Stored entries
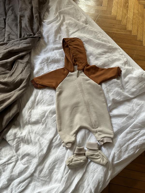Дитячий комбінезон/ромпер з капюшоном Boonyx™- це зручний та стильний MUST HAVE в гардеробі малюка! М'яка, комфортна, гіпоалергена та екологічна тканина ідеальна для чутливої щкіри малюка. Не обмежує рухів, добре зберігає форму при численних праннях. Безпечна блискавка із захисною планкою, яка не торкається шкіри та "не кусає" малюка, неймовірно зручна у використанні для максимально швидкого перевдягання. Сезон: всесезонний; Основний матеріал: футер тринитка без начісу, 80% бавовна, 20% еластан🌿 ▫️ М’якенькі, комфортні та затишні ▫️ Тканина щільна та зносостійка ▫️Стильний сучасний фасон: 👌🏻Можна носити навесні, влітку у прохолодні дні та вечори, восени та взимку в якості піддіви під комбінезон Температурний режим (в якості самостійного одягу) : 16-18+...22-25+ градусів Рекомендації щодо догляду: прання при 30 градусах, делікатний режим прання та віджиму, відбілювання заборонено; Зроблено в Україні. Додатково пінетки купляла 62 розмір Вдягали 4 рази, потім виросла дитина
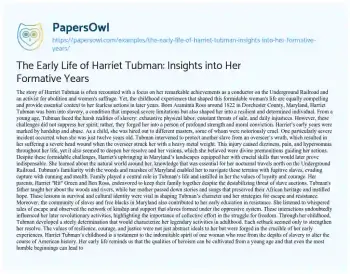 Order now From a young age, Tubman faced the harsh realities of slavery: exhaustive physical labor, constant threats of sale, and daily injustices. However, these challenges did not suppress her spirit; rather, they forged her into a person of profound strength and moral conviction.
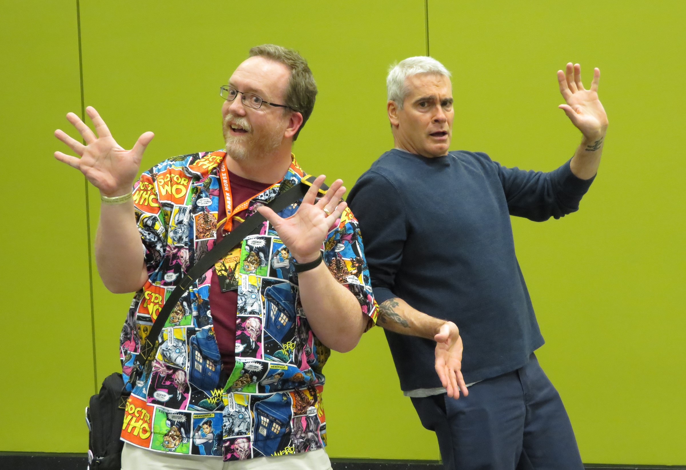 Reaching even father back into time, we come to one of my heroes from my young-adult years: singer/poet/actor/OG punk singer Henry Rollins. As head of the Rollins Band, their 1992 album The End of Silence was one of two albums that served as both catharsis and lifeline for me during my not-so-lovable young-adult years. He’s been doing lively spoken-word engagements for decades ever since the demise of his old hardcore band Black Flag, and ever since he put the Rollins Band off to the side. This year he added conventions to his touring repertoire, including HorrorHound Cincinnati two weeks ago. I previously saw him live in Indianapolis back in 2008 on his “Provoked” tour, but from terrible seats at the far back of the theater. This year Anne decided to treat me to an encore with “premium” seating.
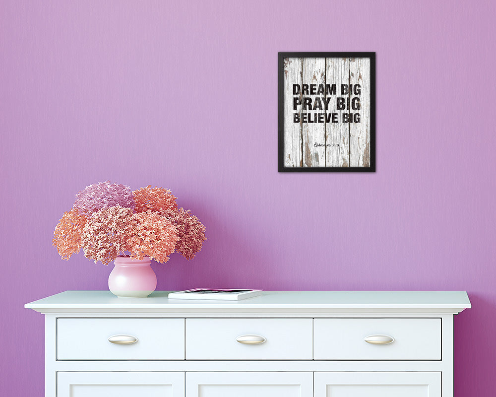Dream Pray Bbelieve Big Quote Wood Framed Print Home Decor Wall Art Gifts
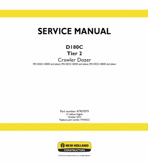 The Workshop Manual is wrote by New Holland repair specialist. It provides important information on carrying out repair work expertly. Please go carefully through the Workshop Manual of the Dozer before starting any repair work. Use the Workshop Manual as a reference book and source of information even if you are familiar with Dozer technology. Using the Workshop Manual, the experience construction machine mechanic can carry out any necessary repairs expertly.
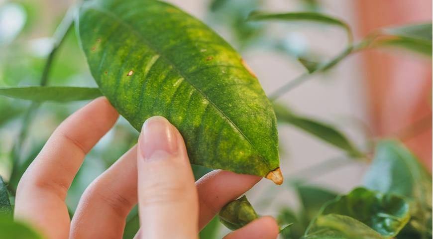 - Если желтизна появляется только на кончике листа, не распространяясь на всю пластину, — дело в недостаточном количестве кальция.

_WORK TO COMPLETE_:
From the first line of the records down through the line containing "Order now From", transcribe exactly those lines and no others, both ends kept, pictures dropped.

_ANSWER FOR THIS EXERCISE_:
Дитячий комбінезон/ромпер з капюшоном Boonyx™- це зручний та стильний MUST HAVE в гардеробі малюка! М'яка, комфортна, гіпоалергена та екологічна тканина ідеальна для чутливої щкіри малюка. Не обмежує рухів, добре зберігає форму при численних праннях. Безпечна блискавка із захисною планкою, яка не торкається шкіри та "не кусає" малюка, неймовірно зручна у використанні для максимально швидкого перевдягання. Сезон: всесезонний; Основний матеріал: футер тринитка без начісу, 80% бавовна, 20% еластан🌿 ▫️ М’якенькі, комфортні та затишні ▫️ Тканина щільна та зносостійка ▫️Стильний сучасний фасон: 👌🏻Можна носити навесні, влітку у прохолодні дні та вечори, восени та взимку в якості піддіви під комбінезон Температурний режим (в якості самостійного одягу) : 16-18+...22-25+ градусів Рекомендації щодо догляду: прання при 30 градусах, делікатний режим прання та віджиму, відбілювання заборонено; Зроблено в Україні. Додатково пінетки купляла 62 розмір Вдягали 4 рази, потім виросла дитина
 Order now From a young age, Tubman faced the harsh realities of slavery: exhaustive physical labor, constant threats of sale, and daily injustices. However, these challenges did not suppress her spirit; rather, they forged her into a person of profound strength and moral conviction.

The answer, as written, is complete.